Multiple Compounds Recognition from The Tandem Mass Spectral Data Using Convolutional Neural Network

Molecules 2019, 24(24), 4590; https://doi.org/10.3390/molecules24244590
by Jiali Lv 1, Jian Wei 1, Zhenyu Wang 1,* and Jin Cao 2
Reviewer 1: Anonymous
Reviewer 2: Anonymous
Molecules 2019, 24(24), 4590; https://doi.org/10.3390/molecules24244590
Submission received: 30 October 2019 / Revised: 9 December 2019 / Accepted: 13 December 2019 / Published: 15 December 2019
(This article belongs to the Section Analytical Chemistry)

Round 1

Reviewer 1 Report

This work presents the use of convolutional neural networks to predict the amounts of 20 different metabolites in a synthetic dataset. The authors represent spectral intesnsity data as an N x 3 array, where N is the number of mass bins, and 3 is the 10eV, 20eV, 40eV modes respectively. The scope of the model is limited to molecules for which the MS/MS spectra already exists.

 

I have a couple of critiques:

I am not sure how representative the synthetic data are to real metabolomic identification tasks using MS/MS. Metabolomic identification tasks may involve up to and over 100 metabolites. Does the classification scale beyond the 20 metabolites used in the data set here? The noise generated for the training set was all Gaussian noise. How certain are you that the noise for real spectra is also Gaussian? It would have been helpful if the authors had included a real experimental example. Make samples using different combinations of the 20 metabolites, take an MS/MS reading of these molecules, and see how well it performs. How does the convolutional network structure help with identification of the spectra? Are the gains of the CNN model mostly due to the reduced number of parameters? What would have happened if you used an LSTM architecture instead? I don’t really understand Figures 2-4: Are these meant to show single examples of correctly predicted spectra, false negatives in spectra, and false positives respectively? It would be helpful to list the correct amounts of each compound.

 

The following work also uses a machine learning model for peak identification and compound analysis in MS/MS spectra, and should also be cited:

Felicity Allen, Allison Pon, Michael Wilson, Russ Greiner, David Wishart, CFM-ID: a web server for annotation, spectrum prediction and metabolite identification from tandem mass spectra, Nucleic Acids Research, Volume 42, Issue W1, 1 July 2014, Pages W94–W99, https://doi.org/10.1093/nar/gku436



Here are a few typos I noticed:

20: false -> falsely

21: miss acknowledged -> misidentified

77-78: incomplete sentence

108: loud -> strong

152 - 153: ‘Accord … less likely to increase for CNN.’ -> awkward sentence

342: existed -> existing

Author Response

Dear Editor and Reviewers, 

Thank you for your useful comments and suggestions for our manuscript titled “Multiple Compounds Recognition from The Tandem Mass Spectral Data Using Convolutional Neural Network”.  We have revised the manuscript accordingly. Detailed responses to the points raised by the referees are listed below point by point: 

This work presents the use of convolutional neural networks to predict the amounts of 20 different metabolites in a synthetic dataset. The authors represent spectral intesnsity data as an N x 3 array, where N is the number of mass bins, and 3 is the 10eV, 20eV, 40eV modes respectively. The scope of the model is limited to molecules for which the MS/MS spectra already exists.

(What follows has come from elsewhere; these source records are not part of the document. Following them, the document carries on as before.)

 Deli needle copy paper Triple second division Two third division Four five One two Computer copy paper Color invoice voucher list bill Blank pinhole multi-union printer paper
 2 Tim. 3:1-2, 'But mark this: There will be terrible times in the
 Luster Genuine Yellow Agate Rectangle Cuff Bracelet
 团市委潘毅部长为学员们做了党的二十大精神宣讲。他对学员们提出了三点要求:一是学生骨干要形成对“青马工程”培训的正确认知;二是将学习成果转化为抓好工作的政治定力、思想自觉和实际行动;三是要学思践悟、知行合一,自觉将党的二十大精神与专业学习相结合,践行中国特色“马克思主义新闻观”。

I have a couple of critiques:

I am not sure how representative the synthetic data are to real metabolomic identification tasks using MS/MS. Metabolomic identification tasks may involve up to and over 100 metabolites. Does the classification scale beyond the 20 metabolites used in the data set here? 

A: We also performed classification experiments based on other different metabolites and found that they also have good accuracy. In fact, we can arbitrarily choose a reasonable number of different metabolites for identification. The premise is that the amount of data obtained is sufficient and the proportion of different metabolites is reasonable. But this is often difficult. Therefore, it is often necessary to perform data expansion based on real data.

 

The noise generated for the training set was all Gaussian noise. How certain are you that the noise for real spectra is also Gaussian? It would have been helpful if the authors had included a real experimental example. Make samples using different combinations of the 20 metabolites, take an MS/MS reading of these molecules, and see how well it performs. 

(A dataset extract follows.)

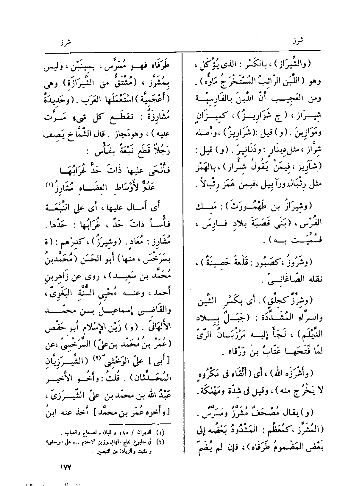 والشِّيراز، بالكّسْر: الَّذِي يُؤكَل، وَهُوَ اللّبَن الرَّائبُ المَسْتَخرَجُ ماؤُه. وَمن العجيب أَنَّ اللّبَن بالفارسيَّة شِيراز، ج شَوارِيزُ، كمِيزانٍ ومَوازِينَ. قيل: شَرارِيزُ، وأَصلُه شِرَّاز، مثل دِينارٍ: ودَنانِيرَ. قيل: شَآرِيز، فِيمَن يَقُول شِئْرَاز، بالهَمز مثل رِئْبال ورآبيل، فِيمَن همَز رِئبالاً. وشِيرازُ بنُ طَهْمُورَثَ: ملِك الفُرْس، بنى قصبةَ بلادِ فارِسَ، فسُمِّيَت بِهِ. وشَرُوزُ، كصَبور: قلعةٌ حصينةٌ، نَقله الصَّاغانِيّ. وشِرِّزٌ كجِلِّقٍ. أَي بكسْر الشِّين والرَّاء المُشَدَّدة: جبَلٌ بِبِلَاد الدَيْلَم، لجَأَ إِلَيْهِ مَرْزُبانُ الرّيّ لمّا فتحَها عَتّابُ بنُ وَرْقاءَ. وأَشْرَزَه الله، أَي أَلقاه فِي مَكْروهٍ لَا يخرج مِنْهُ، وَقيل فِي شِدّة ومَهْلَكَة. يُقَال مُصْحَفٌ مُشَرَّزٌ ومُسَرَّسٌ. المُشَرَّز، كمُعَظَّم: المَشدودُ بعضُه إِلَى بعض المَضْمومُ طَرَفاه، فَإِن لم يُضَمّ طَرَفاه فَهُوَ مُسَرَّس، بسينَيْن، وَلَيْسَ بمُشَرَّز، مُشتَقٌّ من الشِّيرازَة وَهِي أَعجميَّة استعملَها العَرب، وحديدةٌ مُشارِزَةٌ: تقطَعُ كُلَّ شيءٍ مرَّت عَلَيْهِ، وَهُوَ مَجاز. قَالَ الشَمّاخ يصف رَجُلاً قَطَعَ نَبْعَةً بفَأْس:

A: Different instruments, environments, and experimental operations often produce different noises. Therefore, it is not possible to fully simulate real noise data. This comparison experiment is to show that the trained model has good denoising ability. Gaussian noise is a relatively common noise. We can also add other noises to interfere with the classification of the model. Here we add an experimental example for contrast.

 

How does the convolutional network structure help with the identification of the spectra? Are the gains of the CNN model mostly due to the reduced number of parameters? What would have happened if you used an LSTM architecture instead?

A: Convolutional neural networks are mainly used to identify two-dimensional graphics that are invariant to displacement, scaling, and other forms of distortion. The shape of each compound in mass spectra is similar with feature in graphics. Since the CNN feature detection layer learns from training data, when using CNN, explicit feature extraction is avoided, and learning is implicitly performed from the training data.

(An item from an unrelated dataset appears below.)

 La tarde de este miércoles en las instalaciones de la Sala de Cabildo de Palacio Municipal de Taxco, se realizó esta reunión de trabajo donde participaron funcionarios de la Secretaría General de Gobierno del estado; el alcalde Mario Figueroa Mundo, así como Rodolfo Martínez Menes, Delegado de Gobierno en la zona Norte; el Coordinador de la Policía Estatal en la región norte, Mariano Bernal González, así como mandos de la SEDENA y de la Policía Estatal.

CNN reduces the number of weights that need to be trained and reduces the computational complexity of the network through weight sharing. At the same time, through the pooling operation, the local transformation of the network to the input has certain invariance such as translation invariance, scaling invariance, etc., which improves the generalization ability of the network.

We also tried LSTM for classification and found it has worse performance than CNN. As a comparison, we have added it in the paper already.

 

I don’t really understand Figures 2-4: Are these meant to show single examples of correctly predicted spectra, false negatives in spectra, and false positives respectively? It would be helpful to list the correct amounts of each compound.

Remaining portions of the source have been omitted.